DATA -

↓↓↓

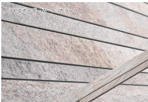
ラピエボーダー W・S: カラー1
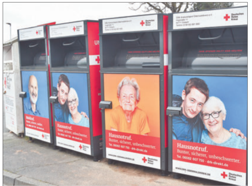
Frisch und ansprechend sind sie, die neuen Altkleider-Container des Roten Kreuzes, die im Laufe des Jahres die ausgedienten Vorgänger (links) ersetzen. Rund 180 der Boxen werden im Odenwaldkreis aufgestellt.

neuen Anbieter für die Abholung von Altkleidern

↑↑↑
↓↓↓

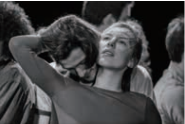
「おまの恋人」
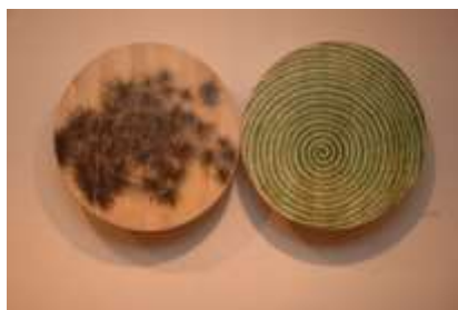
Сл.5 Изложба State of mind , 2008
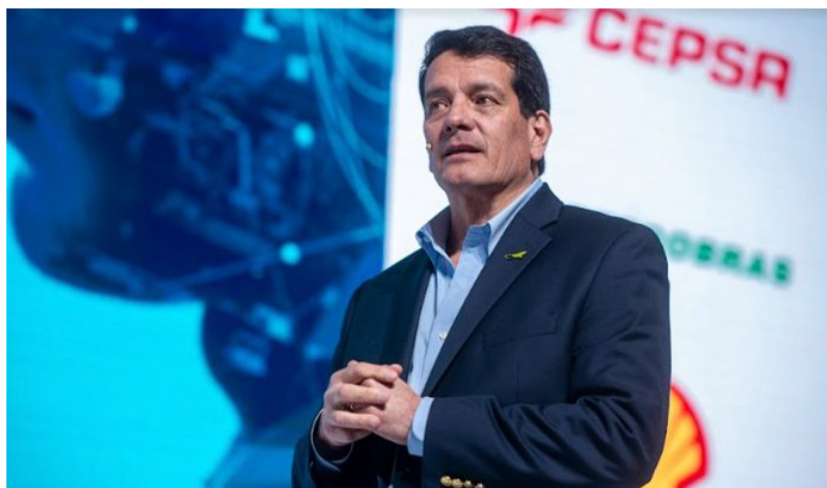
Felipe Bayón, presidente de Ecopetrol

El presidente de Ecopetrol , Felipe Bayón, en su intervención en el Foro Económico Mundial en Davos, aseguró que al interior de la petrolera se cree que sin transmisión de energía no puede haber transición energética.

↑↑↑

YOUR OBJECTIVE -
Word for word, repeat the lines above from the one with "ラピエボーダー W・S: カラー1" through the one with "neuen Anbieter für", and nothing beyond them. Omit the pictures.

TASK RESULT -
ラピエボーダー W・S: カラー1
Frisch und ansprechend sind sie, die neuen Altkleider-Container des Roten Kreuzes, die im Laufe des Jahres die ausgedienten Vorgänger (links) ersetzen. Rund 180 der Boxen werden im Odenwaldkreis aufgestellt.

neuen Anbieter für die Abholung von Altkleidern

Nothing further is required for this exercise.